Typically the sphere has any symmetries you can imagine, therefore the two angles \theta and \phi are (before you decide for where to put the domains [0, 2Pi] and [0,Pi]) to be seen as having the same rights. Only after you do this (here and above I used a standard convention) can you use this projection argument.
Of course, a natural question arises as, if all additional angles in higher dimension 'have the same rights' and are the \theta or \phi like. To answer it, we have to take a look at how we obtain the n dimensional sphere from the n-1 dimensional:
Let me just mention that I'll be doing this for the unit sphere and not the ball since the radius is (almost) irrelevant but the procedure is literally the same for the ball.
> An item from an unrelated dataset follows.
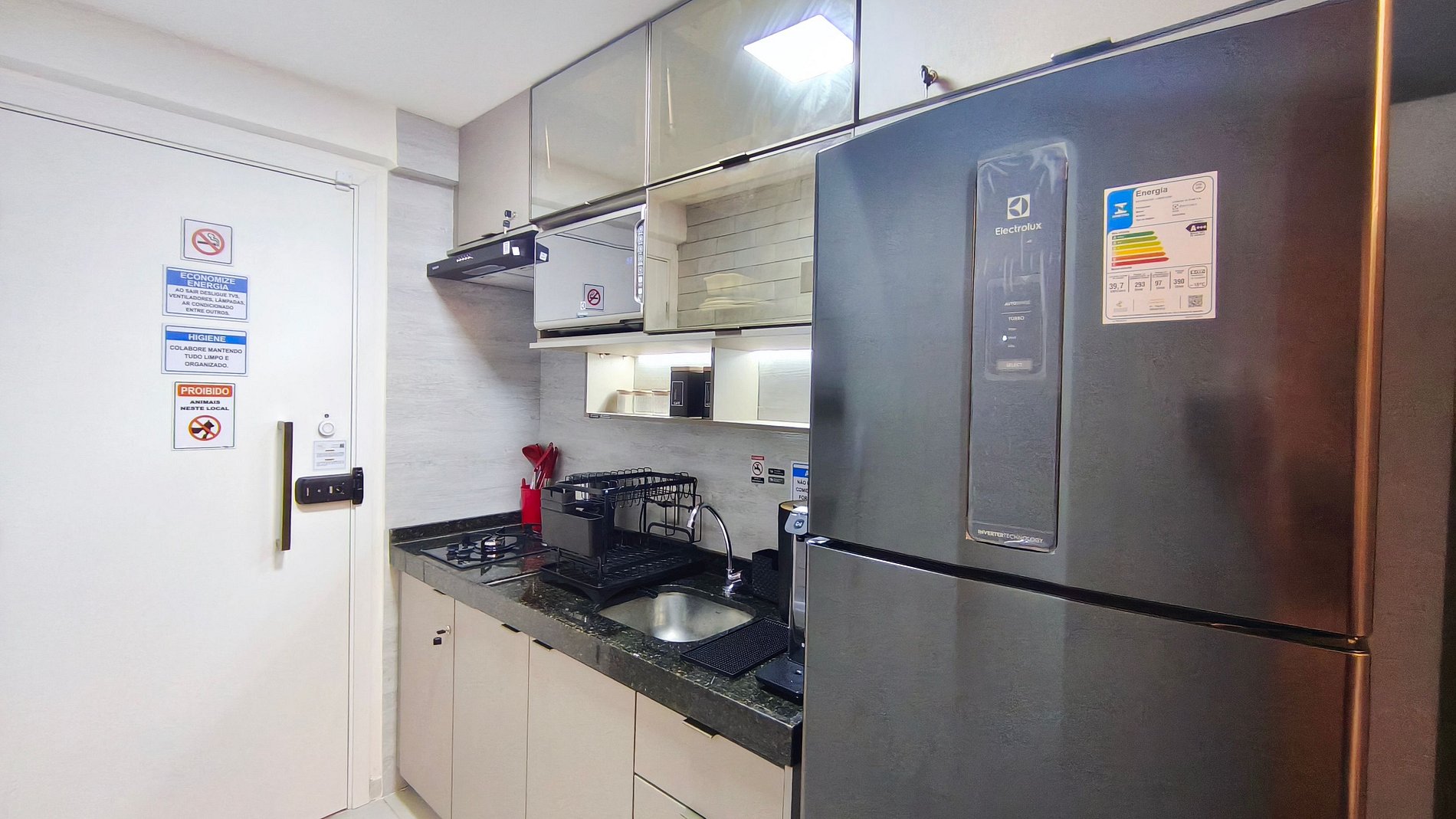 COZINHA: Não é permitido trocar panelas, louças, talheres de um imóvel para outro. Se desejar, sobras de alimentos na geladeira serão retiradas pela equipe de limpeza para serem destinadas a pessoas carentes.

The sphere S^0 is just the set {+1, -1}. In order to obtain the S^1 sphere out of it, we rotate the end points of the line [-1,1] in the dimension above. Notice that this line is not the radius but the diameter of S^0. In order to keep the map one-to-one we only need to rotate from 0 to Pi. Now we have obtained the unit circle. Proceeding further, take the unit circle and rotate it along its diameter in the dimension above, to obtain the sphere S^2. The rotation is again only 0 to Pi. Now, by induction, we obtain the sphere S^n. So any new angle that enters the game in higher dimension take values from 0 to Pi
But where does the 0 to 2Pi domain of \phi then come from?
Well, this is just a reparametrisation of the two dimensional disc B^2. First, we don't like the diameter, so we switch to a new variable - the radius. But by doing so, having \phi only from 0 to Pi, we have to allow r to take negative values... ugly! (or just unconventional). The easiest way of surrounding this obstacle is to take away the negative r's and let \phi make a full rotation 0 to 2Pi. Hence, the oddness of the \phi variable.